Only the pictures are to be left out; return the rest of the data exactly as it stands.

------ Data below ------

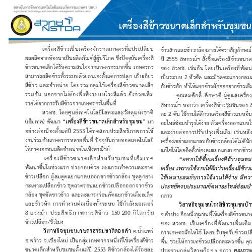 | URL : https://www.nstda.or.th/agritec/medias/publications/166-อุปกรณ์เครื่องจักร-และ-smart-farm/216-เครื่องสีข้าวขนาดเล็กสำหรับครัวเรือนและชุมชน-ใบปลิว |
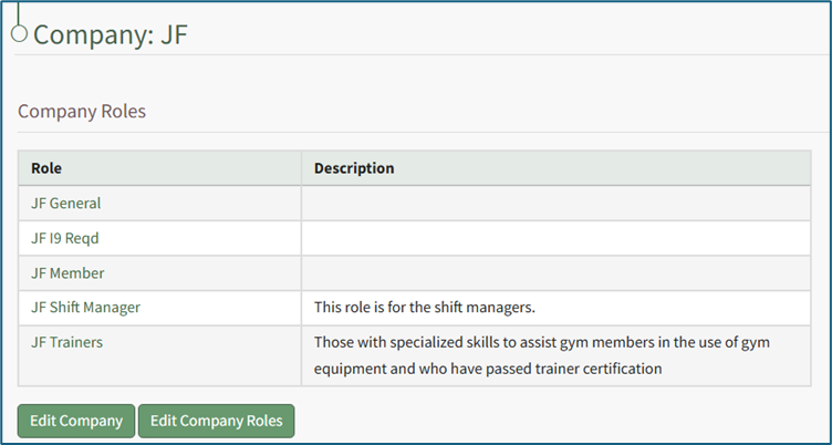 Clicking on the name of a Company will open the company's Details Page that displays the Company Roles with their description.
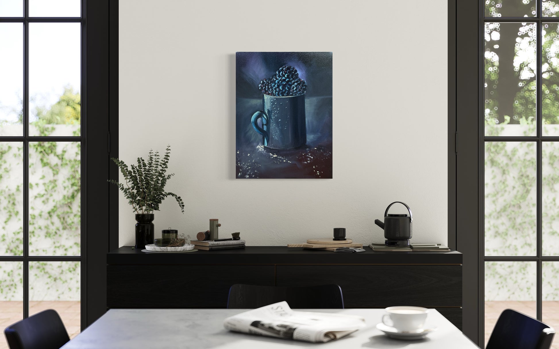 Black is never just black it always has a colour in it of some kind and I think this piece illustrates that super well. In painting we don’t use black, we mix it using many different shades of colour - this keeps the painting feeling alive!
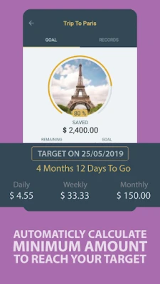 Add your goal image to motivate you and set your target date and lets this app calculate the minimum amount you need to save every month, week or daily to make sure you reach your goals on time.

------

Written solution:
 | URL : https://www.nstda.or.th/agritec/medias/publications/166-อุปกรณ์เครื่องจักร-และ-smart-farm/216-เครื่องสีข้าวขนาดเล็กสำหรับครัวเรือนและชุมชน-ใบปลิว |
 Clicking on the name of a Company will open the company's Details Page that displays the Company Roles with their description.
 Black is never just black it always has a colour in it of some kind and I think this piece illustrates that super well. In painting we don’t use black, we mix it using many different shades of colour - this keeps the painting feeling alive!
 Add your goal image to motivate you and set your target date and lets this app calculate the minimum amount you need to save every month, week or daily to make sure you reach your goals on time.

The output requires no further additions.